You'll remember, I'm confident, the wails and moans from the cherry tree branches debacle. Similar effects can be obtained when mandating that their behinds get busy constructing a fence.
But get busy they did, and over two days' time they pounded in t-posts, measured distances, lugged wire panels into place and fought battles with little wire clips.
The big boys got to feel like the men they like to think they are as I handed them my keys and asked them to drive up to where the panels had been deposited, tie them to the back of my car (which is a wannbe pick-up truck) and drive them back down to where we were working.
At long last, after much toil and sweat and a healthy dose of bickering (I called the blue pliers!) the fence was complete and we turned the horses into the field. One mouthful of that sweet long grass and their eyes rolled back into their heads in delight.
We then took the kids into town for some water ice, where their eyes rolled back into.... oh you get the point.
Good job kids!
This is the field they were grazing on....
And this is their new and improved field.
Labels:
animals,
farm,
horses,
kids,
large family
Sunday, August 1, 2010
Three slices of Amish to go, please ....
I know it's cliched to say the Amish are quaint. But my dealings with them last week left no other words on my lips. Read for yourself and then you be the judge:
Slice 1
Nine year old Fannie opened the screen door before I got up the steps and told me, sorry, they were out of eggs. Hmmm, I thought. This had been happening a lot since they moved a few months ago. Either out, or not enough to fill my usual order of about 3 - 4 dozen (a week's worth). The hens must not be diggin' their new digs.
I leaned in a little closer and said to the girl, "Do me a favor?"
Fannie was the egg-gatherer of the family and she was starting to look a little nervous now.
"Tell your hens to start laying more eggs."
She looked at me very seriously for just a moment, processing my request, then broke into a gap-toothed giggle.
Slice 2
Out picking up milk, I noticed more kids than usual running about the place. I asked Katie if she had relatives visiting, but she said no, she was just watching some neighbor kids for a few hours. Next thing I knew, I heard a brisk clip-clop turning into the barnyard. I turned in time to see a little chocolate and cream miniature horse turning in off the road, pulling a cart full of grinning and laughing Amish kids, all outfitted in their usual straw hats and suspenders and aprons and bonnets. The boy at the wheel, so to speak, expertly pulled his charge up to the barn and in the blink of an eye the cart was unloaded and the kids clambered all over the pony like termites on a log, unbuckling the leather straps of his harness.

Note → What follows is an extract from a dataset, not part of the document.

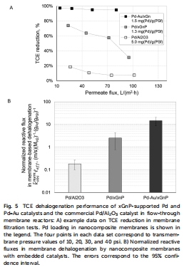 數據來源:圖5A顯示不同壓力下TCE去除率(Pd-Au/xGnP在40 psi時達96%);圖5B對比標準化反應通量(Pd-Au/xGnP: 14.71 m s?1 MH??1 gPd?1 gPSf)。

Within seconds the little horse was free of his trappings, walked into the barn, and the cart parked. Why is it that my kids can't even put their cereal boxes away?
Slice 3
A couple days later I was at the same farm. While Katie was filling my milk order, I noticed her husband walking their new horse from the barn out to the paddock. He turned him loose, then shut the gate and leaned on the fence railings to evaluate his newest piece of horse flesh. Soon enough, their oldest son joined him, and he leaned identically against the fence, watching the horse in the manliest way he was able. Father and son were near mirror images of each other in their black woolen pants with suspenders, worn work boots, blue cloth shirts and straw hats. It seems no matter the culture, older men and younger men will convene together and talk cars.
But then as I was leaving, I noticed their youngest son had also joined in the observation and discussion. Between father and teenaged son, squatted down on his haunches and peering through the fence, was their three year old boy. Red hair sprouted from under his straw hat, and he wore the identical black pants, suspenders and blue shirt that his elders wore. But as I drove past, he turned to wave, still squatted down, and I saw he was clutching in his arms a cast-off rag doll from one of his older sisters.
Quanit? Please. The word doesn't even begin to descibe the scene.